In this matter, Mr. Kayai did not give any explanation as to why the applicant did not make an application for stay before the subordinate court which should have been done ordinarily before an application was made to this court.  However, I cannot dismiss the applicant’s application for that reason alone in view of what I have stated herein above regarding Legal Notice No. 36of2000.

Turning to the provisions of Section 79G of the Civil Procedure Act,the appeal herein should have been filed within 30 days from the date when the ruling was delivered by the subordinate court.  The ruling was delivered on 10th November 2005 and the decree was signed on 29th November 2005.  The certificate of delay that was filed by the applicant states as follows:-

“This is to certify that the period requisite for the preparation and delivery of a copy of a decree to the plaintiff herein was between 24th November 2005 when it was applied and paid for and the 29th November 2005 when it was issued and ready for delivery to the plaintiff.”

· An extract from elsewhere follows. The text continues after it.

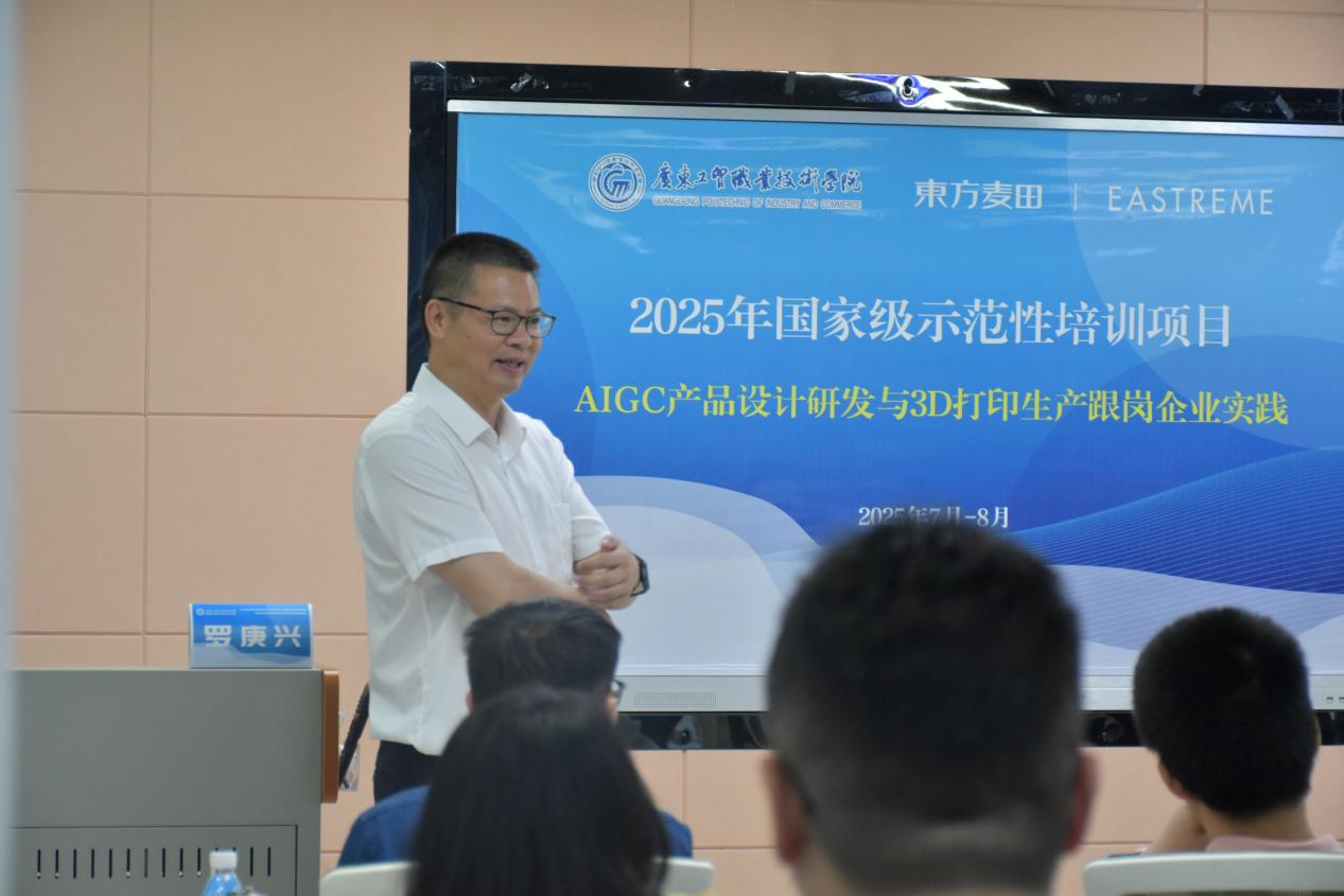 七月羊城,热浪袭人,却挡不住“AIGC产品设计研发与3D打印生产跟岗企业实践”国家级培训班内高涨的学习热情。经过紧张充实的七天岗前集中培训,来自广东省高职院校的青年教师们正沉浸在一场融合最前沿科技与真实产业脉搏的知识风暴中。专家金句频出、学员实操热火朝天、3D打印机嗡鸣不断,共同勾勒出一幅产教深度融通的生动图景。
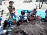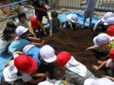 昨日混ぜ合わせた栄養満点の土で各学年が夏野菜を植えました。5歳児がオクラの種をま...

From the foregoing, there was no reason why the appeal was not filed within the required period of 30 days.  The explanation for the delay given by Mr. Kayai is not sufficient.  The time for filing appeals is prescribed by Section 79G of the Civil Procedure Act and not by the Civil Procedure Rules and therefore the provisions of Order XLIX of the Civil Procedure Rulescannot be invoked in computation of time for purposes of filing an appeal.  Even if the provisions of Order XLIX were applicable, the last day for filing the appeal would have been 13th December 2005 and not 16th December 2005 when the appeal was filed.  The proviso to Section 79G of the Civil Procedure Act allows the court to admit an appeal out of time if the appellant satisfies the court that he had good and sufficient cause for not filing the appeal in time.  No such leave was sought and the appeal filed herein is therefore incompetent and does not lie.  The court cannot grant any orders sought pursuant to an incompetent appeal and the application for stay of execution must therefore fail.  Having found that the appeal was filed out of time and without leave for so doing, I strike it out all together.  The respondents will have the costs of this application and of the appeal.

DATED, SIGNED and DELIVERED this 28th day of June, 2006.

D. MUSINGA

JUDGE

28/6/2006

Ruling delivered in open court in the presence of Mr. Kayai for the appellant and Mr. Murimi holding brief for Mr. Mburu for the respondent.